本节和以下几节的目标是为$\mathbb{Z}[x]$和$F[x, y]$提供模块化的gcd算法。我们首先研究gcd的模像与模像的模像之间的关系。事实证明,它们通常(本质上)是相等的,但对于除某个结果的“不幸质数”来说,这就不成立了。

我们令$f, g \in R[x]$在欧几里得域$R, p \in R$为一素数,用一个杠表示约简模$p$。推论6.20说$\operatorname{gcd}(f, g)$是常数当且仅当$\operatorname{res}(f, g) \neq 0$。由此得到的$\operatorname{res}(f, g) \in R$是$f$和$g$的系数的多项式表达式,人们可能会说:因为$\overline{\operatorname{res}(f, g)}=$$\operatorname{res}(\bar{f}, \bar{g}), \bar{f}$和$\bar{g}$在$(R /\langle p\rangle)[x]$中是互素数,当且仅当$p \nmid \operatorname{res}(f, g)$。

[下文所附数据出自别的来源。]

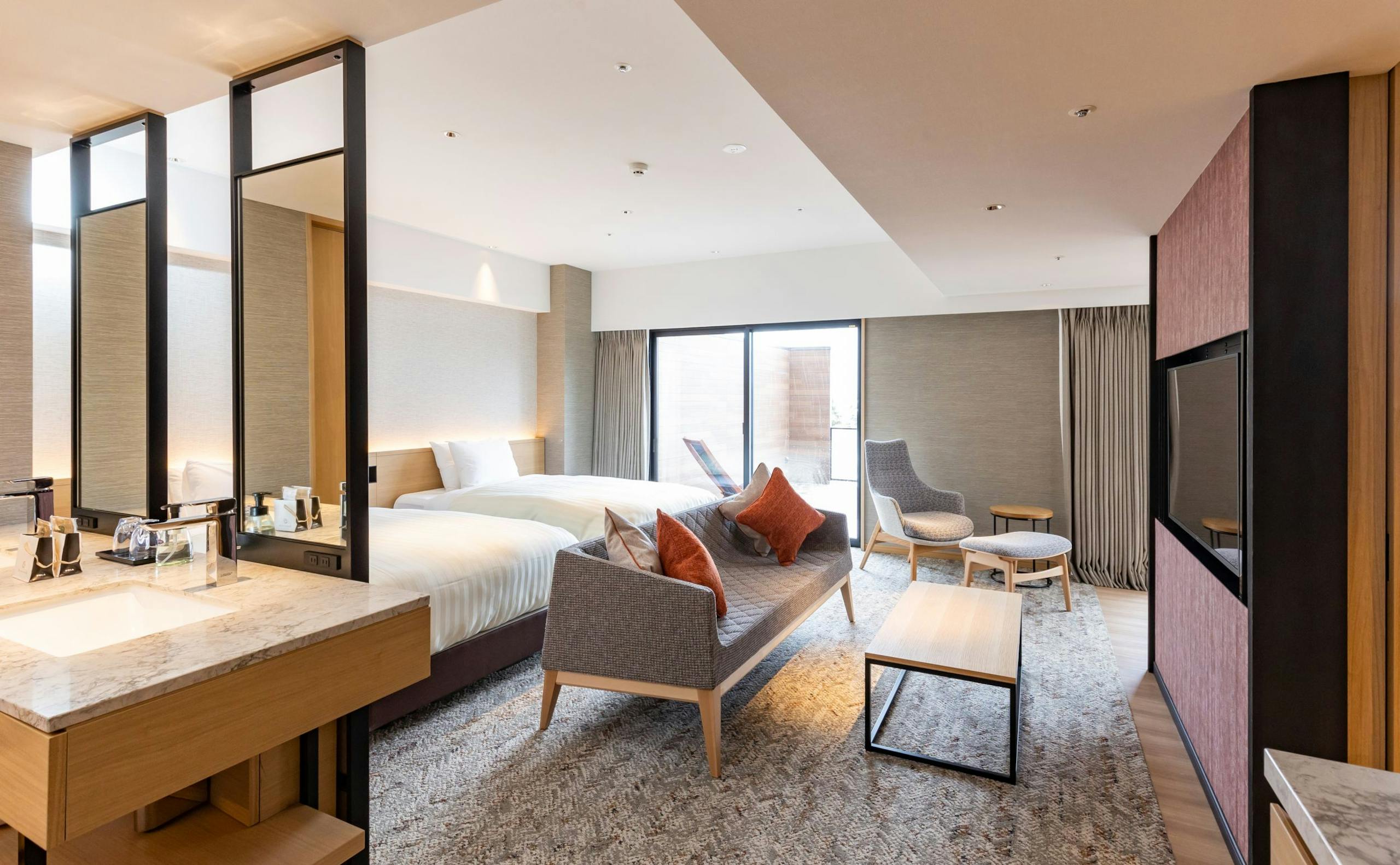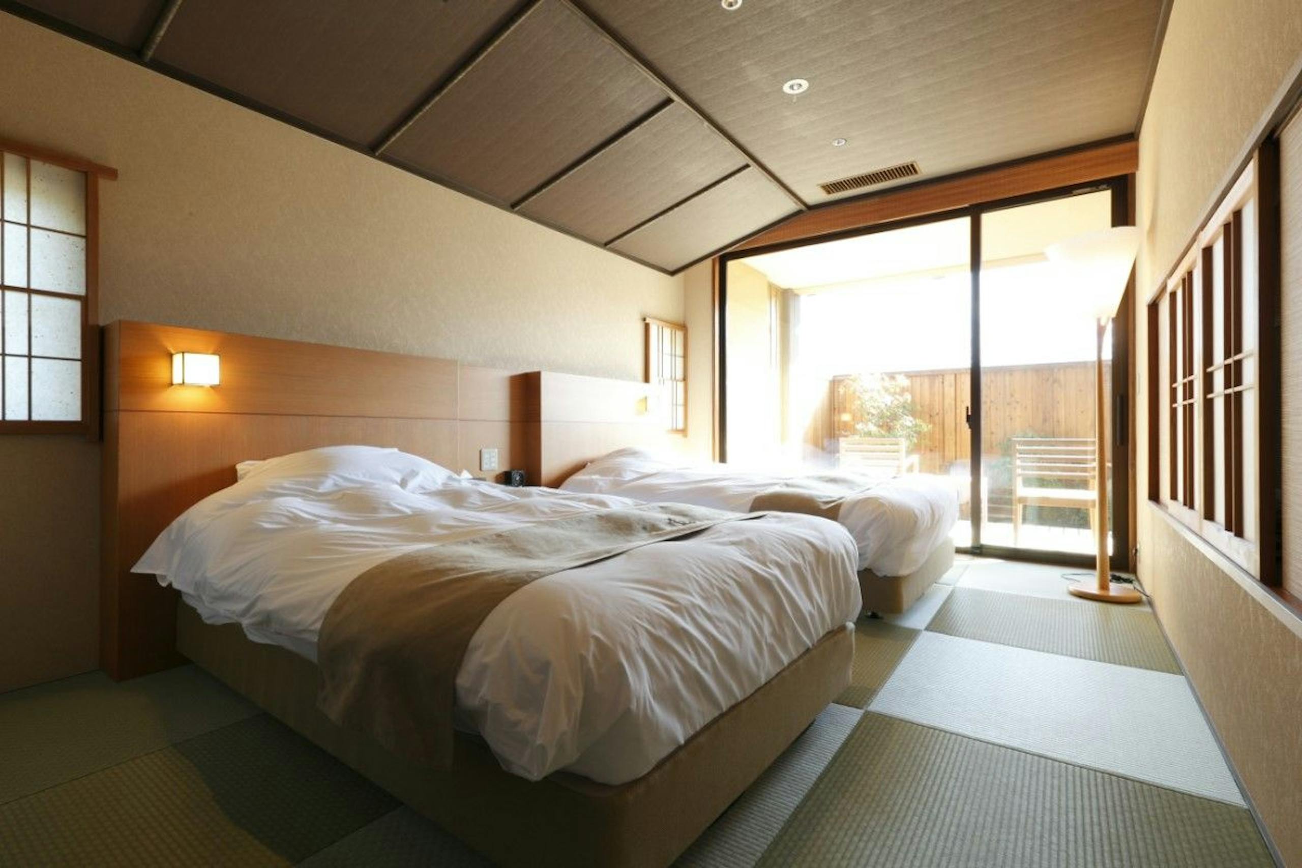 シンプルで心地の良い客室。半露天風呂付客室のご用意もあります。

例6.24为了了解在没有进一步假设的情况下可能出现的错误,我们让$R=\mathbb{Z}$和$p=2$。当$f=x+2$和$g=x$,然后$\operatorname{res}(f, g)=-2 \neq 0$和$\operatorname{res}(\bar{f}, \bar{g})=0$,如预期。但当$f=4 x^3-x$和$g=2 x+1$,那么$\operatorname{res}(f, g)=0$和$\operatorname{res}(\bar{f}, \bar{g})=\operatorname{res}(x, 1)=1 \neq 0$;特别是$\overline{\operatorname{res}(f, g)} \neq \operatorname{res}(\bar{f}, \bar{g})$。

最后一个示例中出现意外行为的原因是两个相关的Sylvester矩阵以相当不同的方式形成。幸运的是,当$p$不除至少一个主要系数时,这种麻烦就消失了。
引理6.25。设$R$为环(可交换,带1),$f, g \in R[x]$非零,$r=\operatorname{res}(f, g) \in R, I \subseteq R$为理想,用杠表示约简模$I$,并假设$\overline{\operatorname{lc}(f)}$不是零因子。
(i) $\bar{r}=0 \Longleftrightarrow \operatorname{res}(\bar{f}, \bar{g})=0$。
(ii)如果$R / I$是UFD,则当且仅当$\operatorname{gcd}(\bar{f}, \bar{g})$是非常量时,则$\bar{r}=0$。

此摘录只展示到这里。